After a float in the Dead Sea and a self-attending spa treatment by caking myself in the blackest of mud, my skin was ultra soft, and it was just in time for me to make the 45 minute drive further south to Ein Bokek, where I would spend the night.









This took me past Masada, unfortunately, I wasn't able to stop because it was just so damn hot (45C). I arrived just in time to take another dip in the salt pools which used to be part of the Dead Sea before it dried up and water had to be pumped in. Unlike the ultra-cool float at Ein Gedi, the water at Ein Bokek was like a hot tub - except that in mid afternoon, it was unbearably hot, so I headed back to my room to watch the sunset instead.



Fortunately, even on shabbat there was a great (relatively speaking) restaurant around the corner called Quattro, and I was able to escape the hotel buffet to have dinner there. The food was not bad, fried calamari and lamb kebabs again, served with a delicious eggplant mash.





For dessert, I had the Belgium waffle with ice cream and bananas, enough to feed another 3 more people and then some. I chatted with Maya, my friendly waitress, until she had to go back to work.

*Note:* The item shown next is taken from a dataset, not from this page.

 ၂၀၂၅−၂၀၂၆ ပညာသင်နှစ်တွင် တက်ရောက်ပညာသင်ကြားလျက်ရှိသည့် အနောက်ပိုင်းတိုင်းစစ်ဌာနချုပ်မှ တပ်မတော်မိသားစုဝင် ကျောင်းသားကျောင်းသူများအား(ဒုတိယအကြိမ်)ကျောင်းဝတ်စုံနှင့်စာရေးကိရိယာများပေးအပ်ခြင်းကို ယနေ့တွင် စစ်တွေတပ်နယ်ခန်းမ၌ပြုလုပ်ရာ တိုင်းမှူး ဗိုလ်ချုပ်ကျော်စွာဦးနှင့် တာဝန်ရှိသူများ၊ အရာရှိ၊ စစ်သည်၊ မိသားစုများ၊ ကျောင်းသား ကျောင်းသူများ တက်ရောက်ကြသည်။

I woke up early the next morning (6am) to make the drive back to Jerusalem in time for the 9am tour. Conveniently enough, my GPS kept trying to take me into Jericho. It's a good thing I have a great sense of direction - for a girl anyway. Unfortunately, that was not enough to save me from Jerusalem, which is ridiculously complicated and has no city planning at all. I guess they didn't do that sort of thing 3000 years ago.





Jerusalem from the Mount of Olives


Mercy Gates

The day tour took us into Bethlehem, and to every single Jerusalem sight you can think of, including the Western Wall where I was yelled at for taking pictures on Shabbat.

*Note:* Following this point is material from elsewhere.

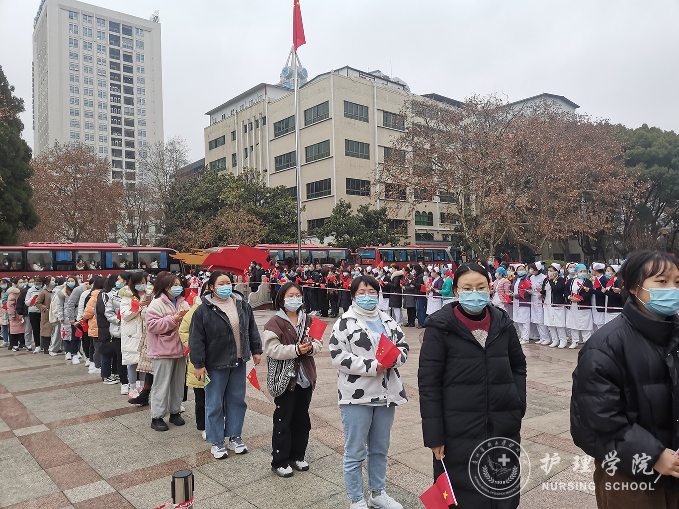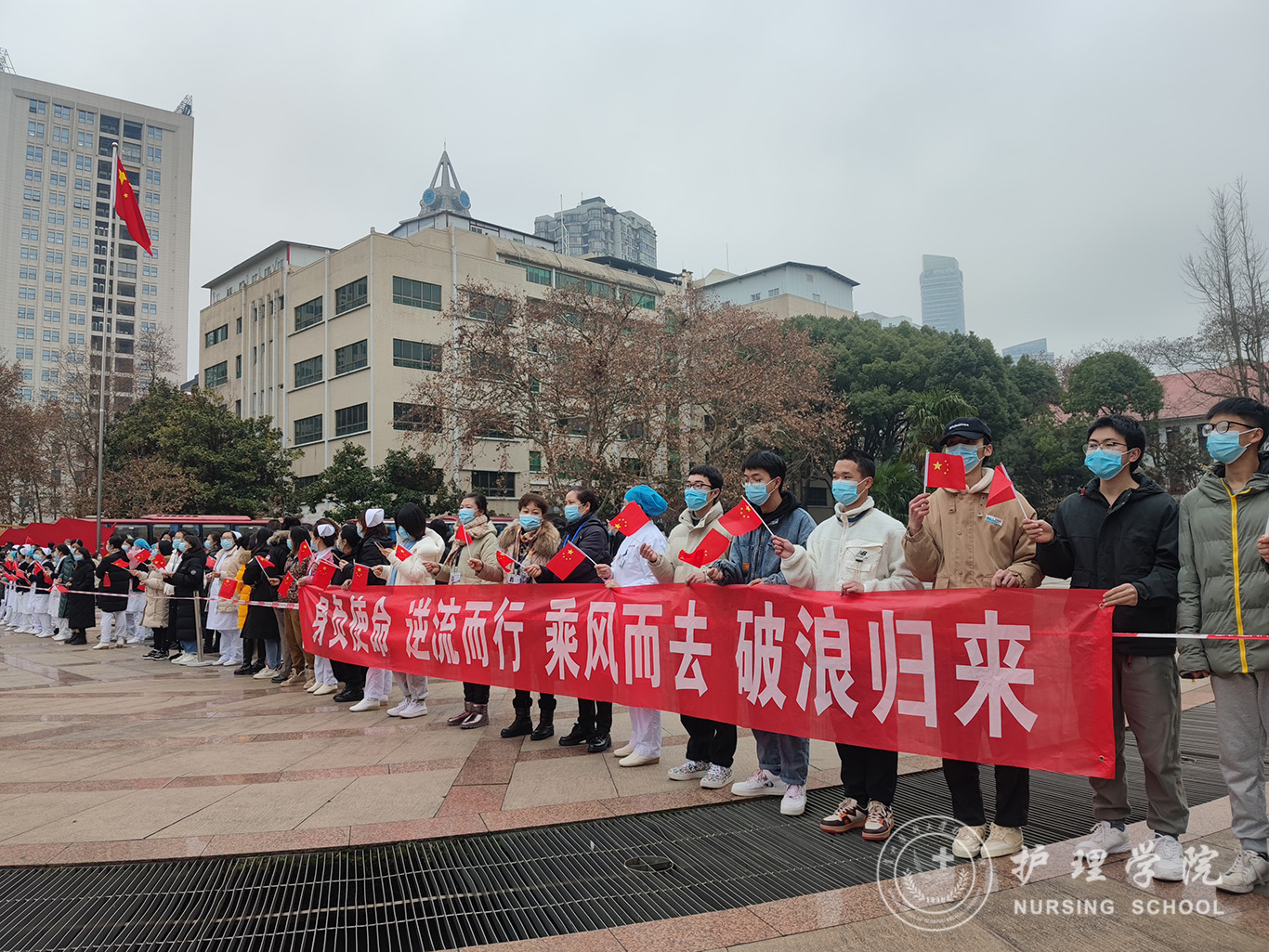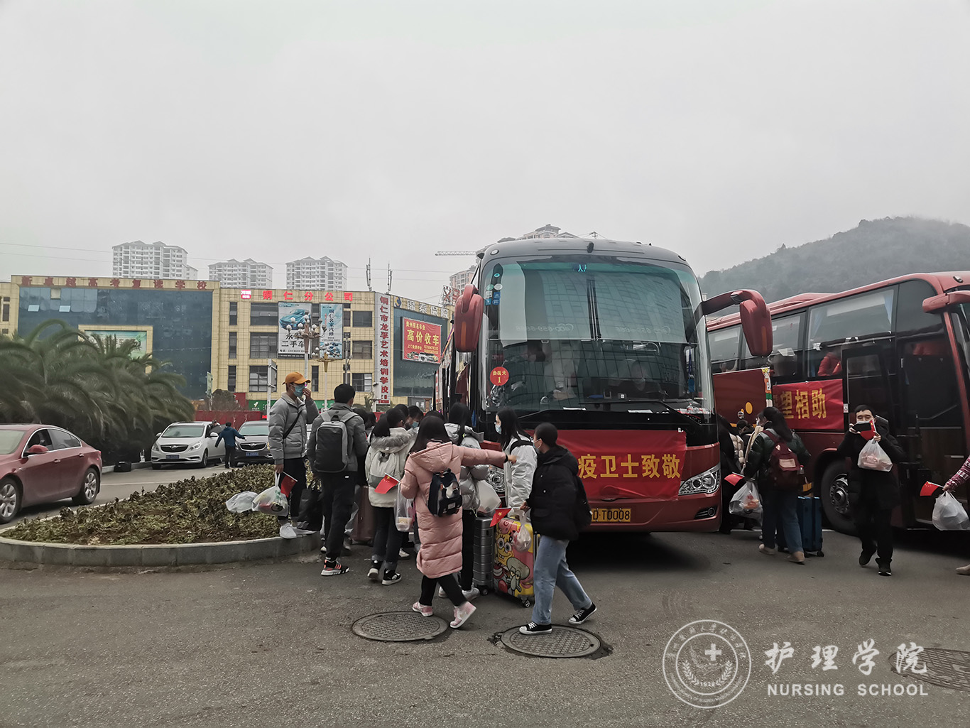 12月31日,经过一天的休整,beats365支援铜仁的师生在短暂的告别仪式后,跟随附属医院医疗队一同出发返回贵阳。返回时,等候在北校区道路两旁的师生高扬着国旗齐声呼喊:“欢迎回家!”,用掌声欢迎全体援铜的师生平安返回。“身负使命,逆行出征,乘风而去,破浪而归”。美丽的铜仁,留下了护理学子奉献的身影。

The best picture I could get of the Western Wall


Incense at the Bazaar







Arab Sweets that I missed

Lunch was completely uneventful, and at the end of the day, all I wanted to do was... eat (no surprised there). After much trouble with trying to check in before sunset on a Saturday (that will teach me - next time just pick a name brand hotel, come on!), I headed out for dinner at a place which I was reassured several times that the food was very good.


Church of the Holy Sepulchre

Askadinya is on Shimon Ha Tsedek Street in East Jerusalem, tucked away in a remodeled 19th century house with limestone walls and arched doorways. I was on my own again when it came to dinner, and on recommendation, ordered the beef steak with a tasty green pepper and garlic dressing and sauteed baby potatoes and squash.


Actually my first steak in Israel

I was desperate to have some Arab sweets for dessert, which unfortunately they did not have, so I had to make do with the peanut mousse cake, topped with an Italian meringue (marshmallow), which was quite unique, and something that I will probably try to replicate.



I finished off the night having drinks at the Blue Hole, an Irish (I know huh?) Pub , which was busy till the wee small hours of the morn, evidence that the Nightlife also exists outside Tel Aviv.


A crazy Shisha shop round the corner form the Blue Hole

Sadly, this was the close of my weekend in Jerusalem, and I left for Tel Aviv on Sunday for the coup de grace - but that, as they say, is another post!